噂しか知らないシンシアはブライスのことをドリーマーだと信じていたが、そんなところは少しもなく。彼の足らないところを補っていけるようになりたいと心から思うようになっていた。
支度を終えると、鏡に映る自分を念入りにチェックする。
「よくお似合いですよ」
「そう? 背伸びしすぎているように見えない?」
シンシアはそれだけが気がかりだった。ブライスは趣味の良い品を贈ってくれるが、シンシアが今まで身に着けていたものよりもほんの少しだけ大人っぽい意匠が多い。落ち着いた雰囲気のある宝飾品やドレスを着こなせているのか不安に思うことがある。
「あまりにも美しくて、ブライス様も見とれてしまいますわ」
付き合いが長いから身内の欲目だろうと思いつつも、浮いて見えないのならいいかと自分自身を納得させる。

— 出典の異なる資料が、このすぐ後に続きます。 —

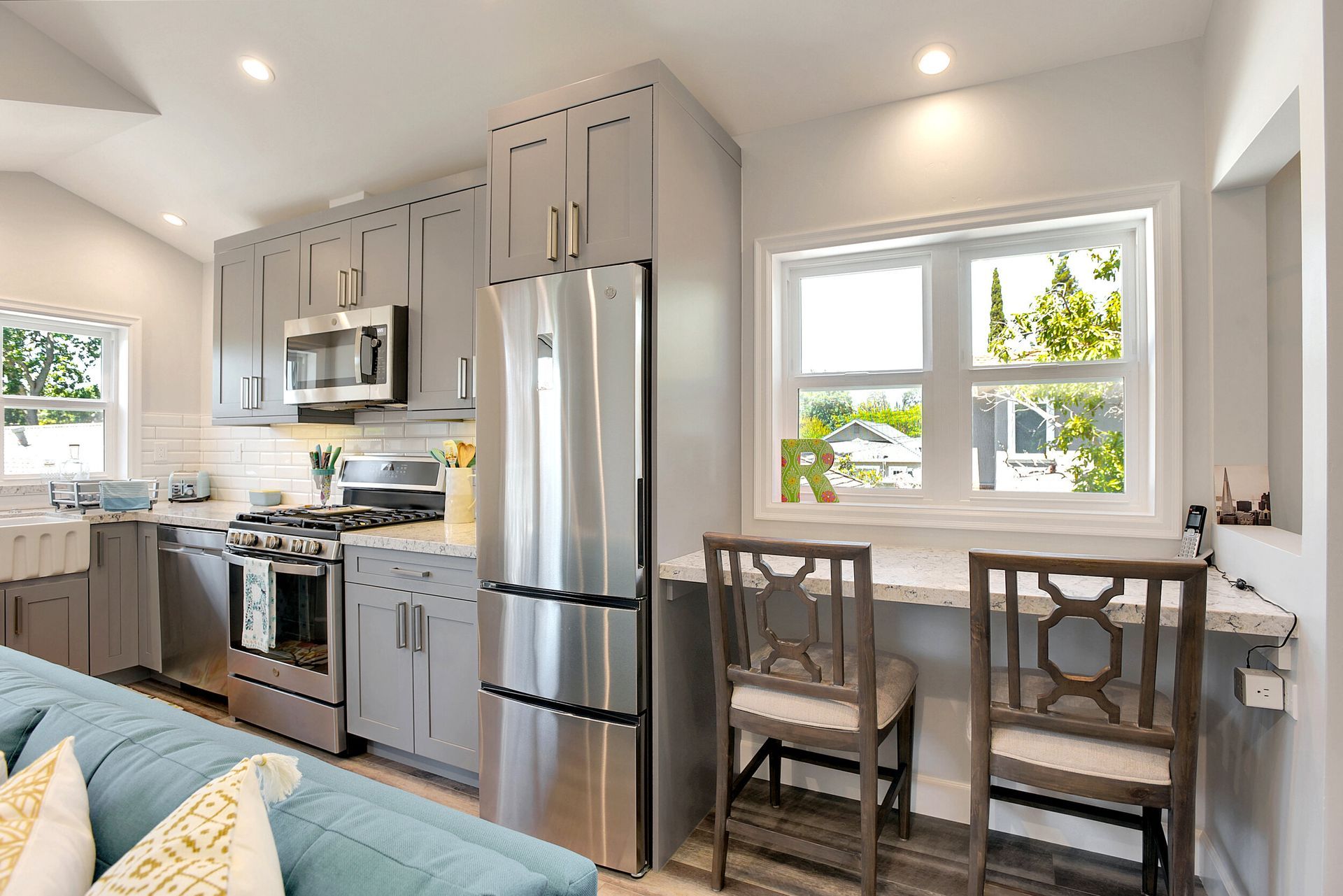 This main home addition and ADU over the garage addition was a project deeply personal to our clients. They dreamed of creating a cozy place to host relatives, entertain guests, and simply relax and enjoy their time. Their transitional design style created a home that is indeed warm, charming, and delightful to occupy. From the adorable entryway mudroom to the practical home gym, this project included many customized features. Beyond the interior upgrades and expansion, an outdoor living area with a deck and bar provides just the inviting aspect our clients envisioned.

「約束の時間までまだ時間がありますので、お茶をご用意しましょう」
「お茶はいらないわ。落ち着かないから居間で待つわ」
シンシアは侍女に断りを入れると、部屋を出た。廊下を歩いていれば、外から戻ってきたところなのか、外出着を着たジョセフと鉢合わせした。
「どこか出かけるのか?」
「今日はブライス様と王城の庭園に」
「ああ、そういえば今、花が満開だと言っていたな」
納得したようにジョセフが頷く。そして不思議そうに妹の全身を眺めた。遠慮のない眼差しに居心地悪くシンシアは身じろぎをした。
「いつもと意匠が違うが、よく似合っている」
「本当にそう思う?」
「ああ。彼はいい趣味をしているよ」
どうやらブライスからの贈り物であることはわかっているようだ。シンシアは着ているドレスを見下ろした。落ち着きのある淡いピンクのスカートはふわりと広がっているが、フリルやレースは普段よりも少ない。シンシアの年齢ならば、フリルたっぷりのスカートが人気がある。シンシアも少し前までは好んでフリルの多いドレスを選んでいた。
「着なれないから、ちょっと不安だったの」
「ブライス殿とはうまくやっているようだな」
「まだ恋とかではないと思うのだけど。とても気を遣ってくれるし、一緒にいてとても楽しいわ」
素直に気持ちを伝えれば、ジョセフは表情を緩めた。
「結婚できそうか?」
「おかしなことを聞くのね。結婚は絶対でしょう?」
むっとして唇を尖らせれば、ジョセフはポンポンと優しくシンシアの肩を叩いた。
「それでも幸せになれるかどうかは重要だ」
そう思ってくれるなら政略結婚なんて持ってこないでほしい、と思わず心の中で呟いた。
「お嬢さま、ブライス様がお見えになりました」
「今行くわ」
シンシアはジョセフに適当に挨拶してから、急いで玄関へと向かった。玄関ホールで待つブライスを見つけると、速度を緩めた。優雅に見えるように息を整え、さっとドレスを確認する。
「お待たせしました」
ゆっくりと彼に近づけば、彼は目を細めて嬉しそうに笑う。そしてシンシアの手を取り、手の甲にキスを落とした。
「今日もとても綺麗だ」
「ありがとうございます」
婚約者としてはごく普通の挨拶。
だけどシンシアの胸は爆発しそうなぐらいにドキドキした。